Sometimes we, (or maybe that should be, I)  get intimidated by others' status or  think that they won't have any interest in us, regular people doing common, but very important work. I am excited when an "expert" in the field whose mission is so closely related to mine takes the time to respond to my questions.  I do hope to meet Dr. Brown and hear him speak in the near future; as you may notice, I have a few past posts here, highlighting my belief in the importance of play.

This is the mission of the National Institute for Play, which, I think, lies at the core of what can so powerfully improve education and society:

The National Institute for Play believes that as play is woven into the fabric of social practices, we will dramatically transform our personal health, our relationships, the education we provide our children and the capacity of our corporations to innovate.

And with that, I ask you: How do you utilize the gift of play to enhance your life and the lives of those you touch every day? Please share your thoughts!

Tuesday, June 14, 2011

Look Them in the Eyes

My kids, all grown up!
**Note: As you read this post, please don't get the impression that I don't understand the importance of cultural differences with regard to eye contact and showing respect. I fully embrace the myriad of different ways that mindful attention can be given between people; as one of my commenters so eloquently reminded me, the point is to remember to be fully and genuinely present to show that you care for others.  

Don't get me wrong.

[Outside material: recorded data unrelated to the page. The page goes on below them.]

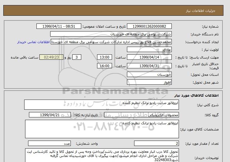 نام دستگاه خریدار:شرکت سهامی برق منطقه ای خوزستان
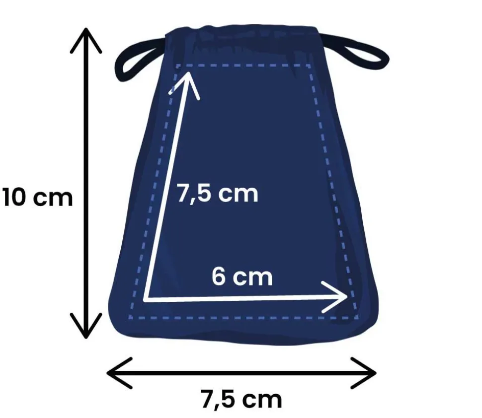 Dimensions de ce sac en tissu effet velours suédine : 85 x 70 mm (8.5 x 7 cm)
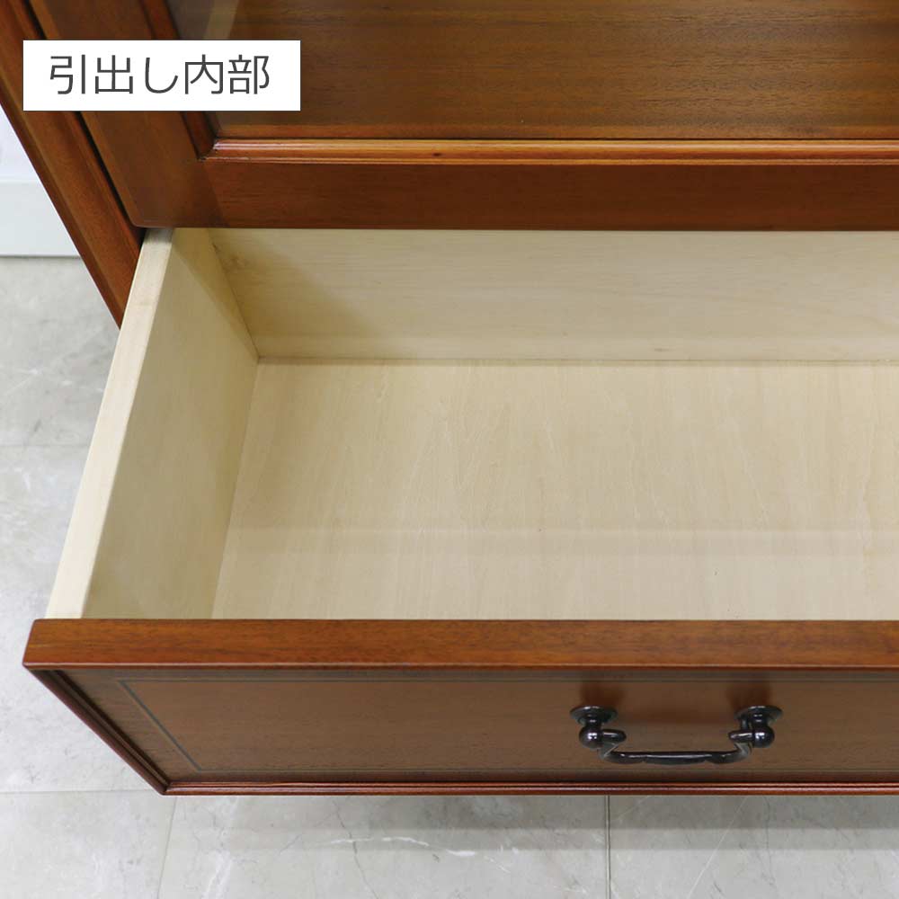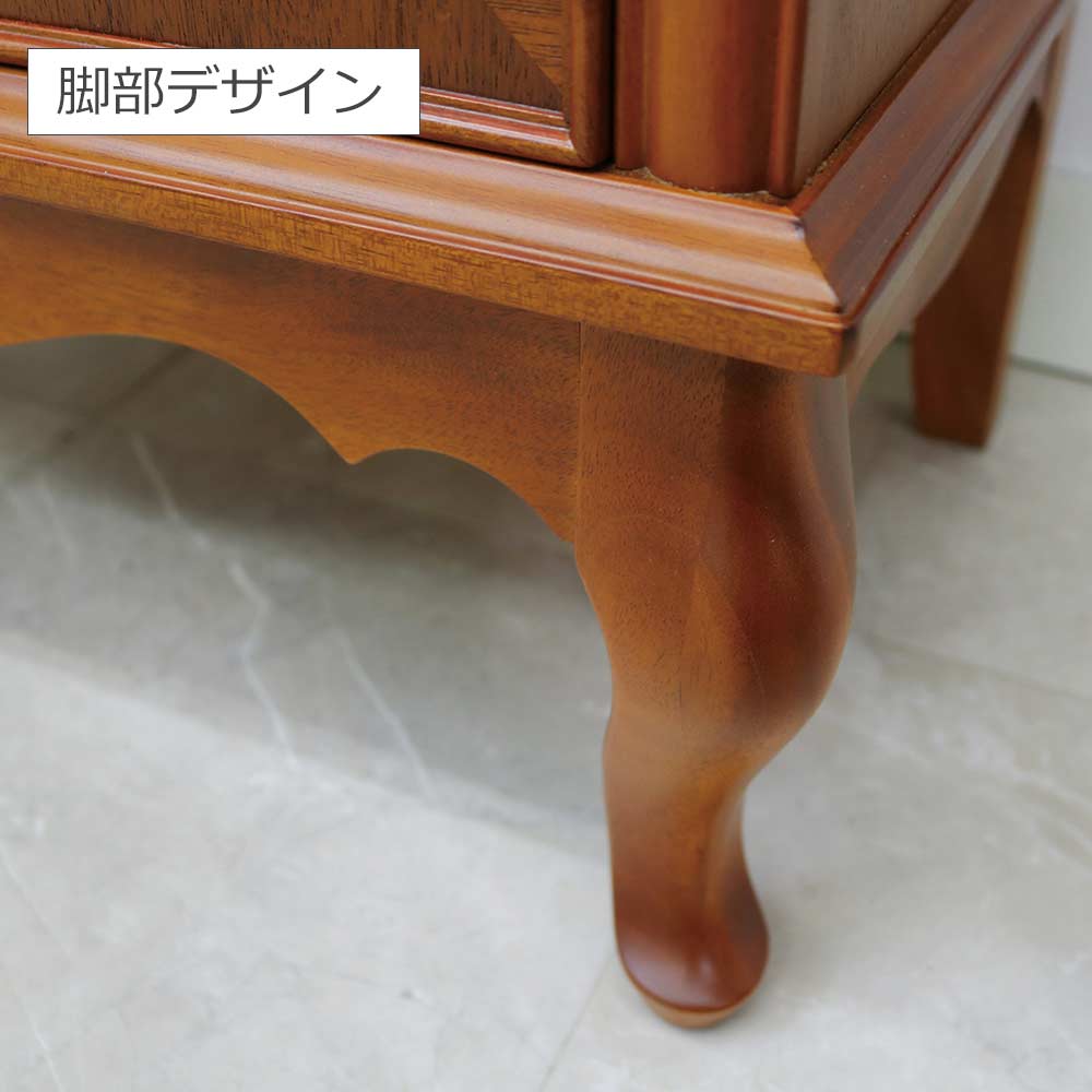 引出し前板にはマホガニー柾目とサペリ材柾目の突板で模様貼りを施しており、前脚の猫脚スタイルなど、細やかなデザインがクラシカルな雰囲気を高めます。
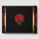 Livre d'hôtes rouge noir et or mariage avec beau coeur satiné rouge et or sur un élégant arrière - plan rouge noir et or damassé. Ajoutez le texte de votre choix dans le style et la couleur de police que vous préférez. Ce livre d'hôtes rouge noir et or mariage est facilement customisé avec votre texte sur le devant, le dos et la colonne vertébrale.
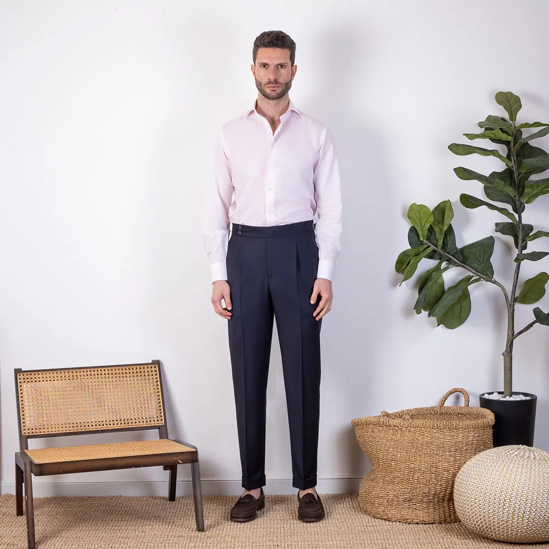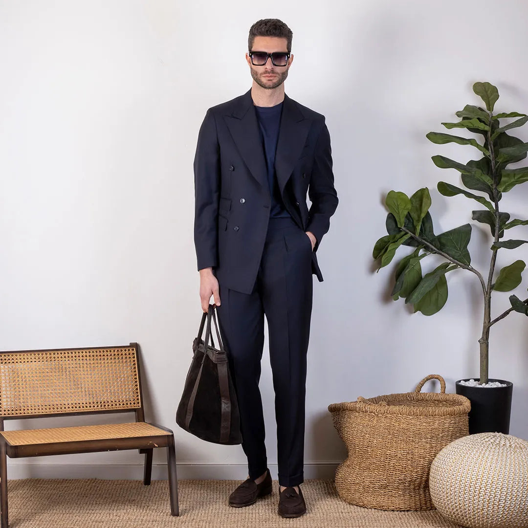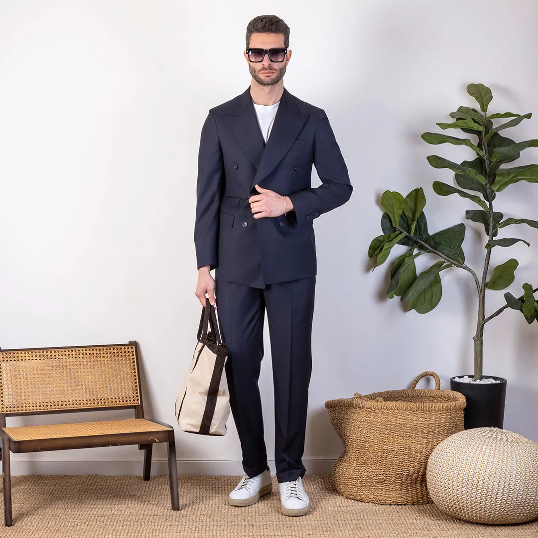 Timeless elegance embodied in a garment with a strong character. The Dark Blue Double-Breasted Tailored Suit is crafted from 100% Super 120's Tasmanian wool , a premium fabric that combines refinement , lightness and comfort in every season. The double-breasted design, combined with the semi-canvas construction and the Iconic Vesuvio trousers, creates a suit that is perfect for special occasions and stylish everyday commitments.

I am attached to my tech devices: taking photos, checking email, texting friends and family, but I am growing painfully aware of the costs associated with non-stop information and consumption on our most valuable relationships: missing out on important face to face moments with our students, colleagues, and loved ones.

This year, in my first year teaching 4th grade, I was shocked at how often I would ask students to look at me to show they were listening to me.  This was not an outright sign of disrespect from them as much as it was a product of our culture. When I asked if they looked at each other while talking at home, many students exclaimed: "My parents are always looking at their phones!" I encouraged them to say, ever so politely, to their parents: "Please look at me, so I know you are really listening." I fervently checked my email over the following few days, certain that someone would be angry at my lesson to their children, but not one ever arrived. Maybe no one went home and asked..though I hope they did.  I continued to request that students look at each other as they shared ideas in the classroom. Eventually, it became a least some of the time!

Of course, I then became aware of my own behavior: when I was not looking at someone talking to me! I often caught myself multi-tasking when others talked to me, cleaning up or writing an email when another teacher came to my room to visit, or picking up papers while a student was asking me a question; I consciously made a point to stop and fully listen.  After all, if a huge percentage of communication is non-verbal, what am I missing by not using the incredible sense of vision that allows me to see the person's revealing facial expression and expressive body language?

So,  please, especially when interacting with children, look them in the eyes. ( or show them full presence in a way that makes sense in their culture)  For that matter, make it a habit with everyone.  Let them know you are fully listening. The rewards are certainly worth it!